Multiple issues of periodicals representing more than 35 art-related titles have a new home in the Amon Carter’s research library as part of a long-term loan. The materials previously stored at the Fort Worth Public Library’s Central location comprise 100 linear feet, a length roughly equal to the height of a 10-story building.
The transfer is a no-cost collaboration that moves materials that saw little use at the Fort Worth Public Library to the Amon Carter, where art researchers can more readily access them.
“Relocating these materials benefits the public,” said Linda Barrett, manager of the Fort Worth Public Library’s Genealogy, Local History and Archives. “Anyone looking for these periodicals can always go to the Amon Carter and use them.”
The materials are a mix of bound volumes, boxed issues and microfilm. Many of the magazines are no longer published, and Barrett said the Library no longer subscribes to any of them except for one – Fortune.
Sam Duncan, who leads the Amon Carter’s research library, said Fortune is not a magazine many would associate with an art museum. The copies the museum requested, however, are older issues in an oversize format with unique artistic value.

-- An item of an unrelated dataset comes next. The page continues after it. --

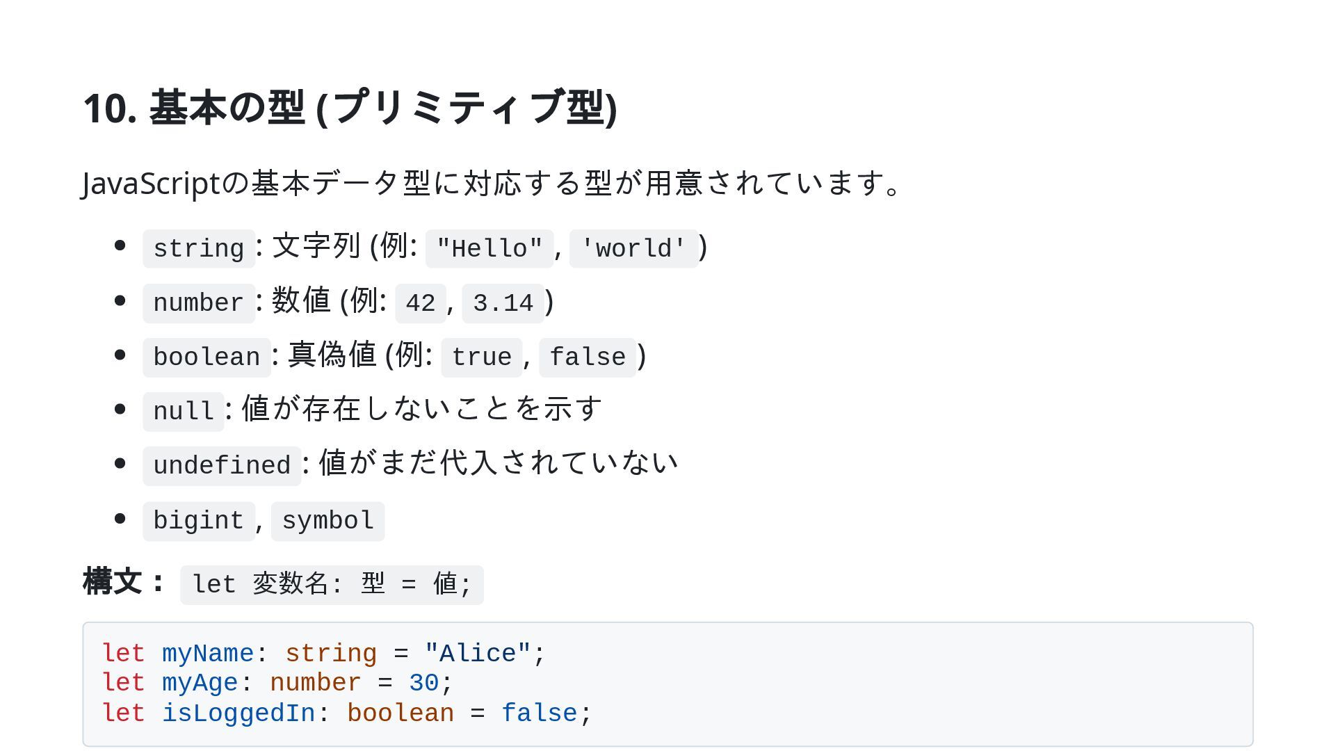 , 'world' ) number : 数値 (例: 42 , 3.14 ) boolean : 真偽値 (例: true , false ) null : 値が存在しないことを示す undefined : 値がまだ代入されていない bigint , symbol 構文: let 変数名: 型 = 値; let myName: string = "Alice"; let myAge: number = 30; let isLoggedIn: boolean = false;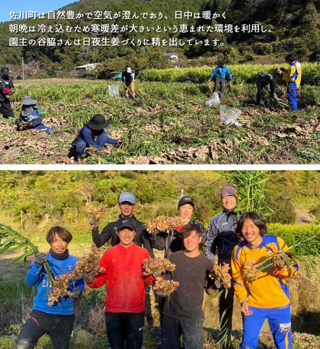さらに日中は暖かく朝晩は冷え込むという恵まれた環境を利用して、園主の谷脇さんは生姜作りに日夜精を出しています。爽やかで強い香り、上品でマイルドな食感を求め日夜努力を重ねたこだわりの生姜を生産して全国のお客様に出荷しています。刻んだり、すり下ろしたり、煮込んだりと、様々な料理にくわえて美味しいしょうがをお楽しみください。

“During the mid-twentieth century, Fortune was beautifully produced with many commissioned illustrations from a who’s who list of artists,” Duncan said. “I’m already thinking about an exhibition that would highlight the publication’s contributions to graphic design and its support of American artists.”
The collaboration came about after Duncan had visited the Fort Worth Public Library for many years to access several art-related periodicals for researchers.
“One in particular was Art Digest, especially issues from the 1930s and 1940s, important periods for the research we do at the Amon Carter,” Duncan said. “Around 2008, I started a conversation with the Fort Worth Public Library about the possibility of getting them someday.”
After taking current Library Director Manya Shorr on a tour of his library at the museum, he said, the long-term loan became an obvious win for both institutions.
“We know the periodicals will have a good home at the Amon Carter,” Shorr said. “It just makes sense to add them to the museum’s art-focused collection, as those are resources already familiar to local art historians. This is another way the Fort Worth Public Library is reducing barriers to accessing information and resources, even if those resources are housed elsewhere.”
Researchers who visit the Amon Carter library tend to be those who are digging deep into the history of American art, Duncan said. However, the loan agreement stipulates that the museum must provide public access to the material. That means even casual scholars are welcome and able to peruse the periodicals and the roughly 150,000 items in its library collection.
Recently renovated, the research library has another thing going for it. “The museum’s reading room and new study room are gorgeous spaces to come relax and learn about American art,” Duncan said.
The Amon Carter’s research library is open 11 a.m. to 4 p.m. Wednesdays and Fridays; 11 a.m. to 7 p.m. Thursdays; 11 a.m. to 4 p.m. Saturdays (September-May); and open other times by appointment.